The share of builders reporting problems repaying acquisition, development and construction (AD&C) loans from banks has increased in the past year, survey data collected by the National Association of Home Builders (NAHB) and reported today indicates.

NAHB's survey of 362 builders found 33% said they were having problems repaying land acquisition loans in the second quarter of 2009. The other trouble areas were with land development loans (36% having trouble repaying), single-family construction loans (30%) and multifamily construction loans (21%). In contrast, NAHB's AD&C survey for the April-to-June quarter of 2008 found 25% having trouble on land acquisition loans. The numbers were similarly lower for land development loans (31%), single-family construction loans (28%), and especially multifamily construction loans (12%).

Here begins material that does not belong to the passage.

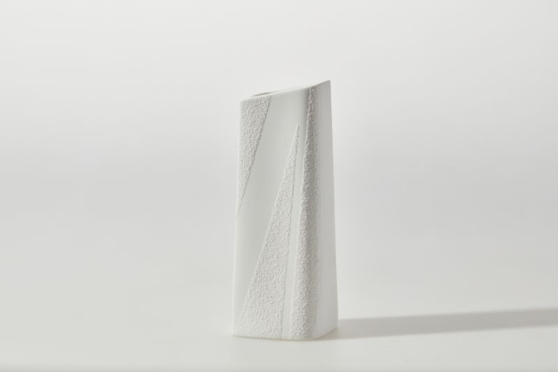 A coleção Sopro trabalha contrastes entre superfícies lisas e texturas granuladas, criando peças que evocam vento, sopro e passagem. São objetos que parecem conter movimento mesmo em repouso, como se o ar tivesse deixado marcas na porcelana.
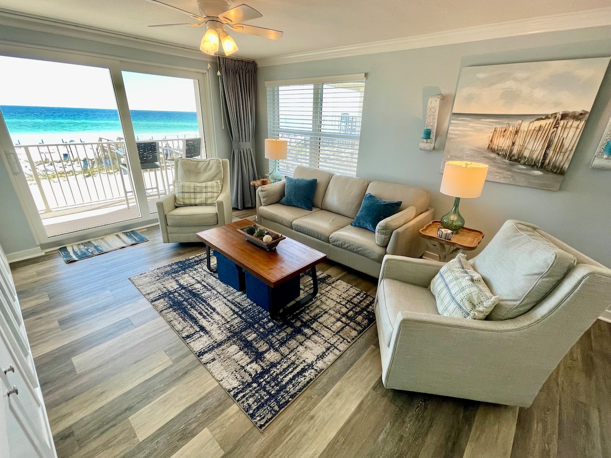 Welcome to “Sandy Thongs”, a completely updated, beachfront condo with a fresh new look, making it one of the most desirable properties on Okaloosa Island. Breathtaking sunrises, sunsets and gulf views await you. Sandy Thongs is equipped with everything you will need for your stay, including beach towels and beach service, which includes 2-chairs, and an umbrella setup daily on the beach March 1-October 31st. Need more space ask about our other unit, “Sunset Dreams”.

NAHB gets a slightly different response each time it polls builders on their AD&C experiences, but the association's six surveys on the subject over the past year show a steady increase in payment troubles.

The latest poll also found substantial differences between regions; for instance, 39% of respondents in Western states said they were having trouble repaying land acquisition loans vs. just 19% of dealers in the Northeast reporting the same problem.

Nearly fourth-fifths of the builders who said they were having trouble repaying loans said they were using company or personal resources to repay, 64% were seeking a workout with their current lender, 32% were seeking another lender to take over the loan, and 17% were letting the current lender foreclose.

NAHB's findings echo the results of a survey of building material dealers that ProSales conducted this summer that suggested builders and remodelers were repaying their debts to dealers about four and a half days more slowly in August than they did on average in 2008. The 165 pro-oriented dealers participating in the online poll (see summary) said their average days for accounts receivables widened to 49.76 days in August from 45.16 days in 2008.

The NAHB said its survey also found 63% of builders reporting that credit availability for single-family construction loans had worsened during the second quarter of 2009. Four-fifths of the builders who said conditions had gotten worse said lenders were cutting the allowable loan-to-value ratio, 76% said lenders aren't making new loans, 75% said loan amounts were going down, and 62% said lenders are requiring personal guarantees or collateral not related to the project. Partly as a result, two-thirds of respondents said they are putting single-family construction projects on hold until the financing climate gets better.

"Across the country, home builders and developers are reporting a deterioration in credit availability and intensifying pressure on borrowers with outstanding loans," said NAHB chairman Joe Robson, a home builder from Tulsa, Okla. "Lenders are cutting off loans for viable new housing projects and producing unnecessary foreclosures and losses on AD&C loans."

Both NAHB and the National Lumber & Building Material Dealers Association have called on Congress to extend the $8,000 first-time home buyer tax credit.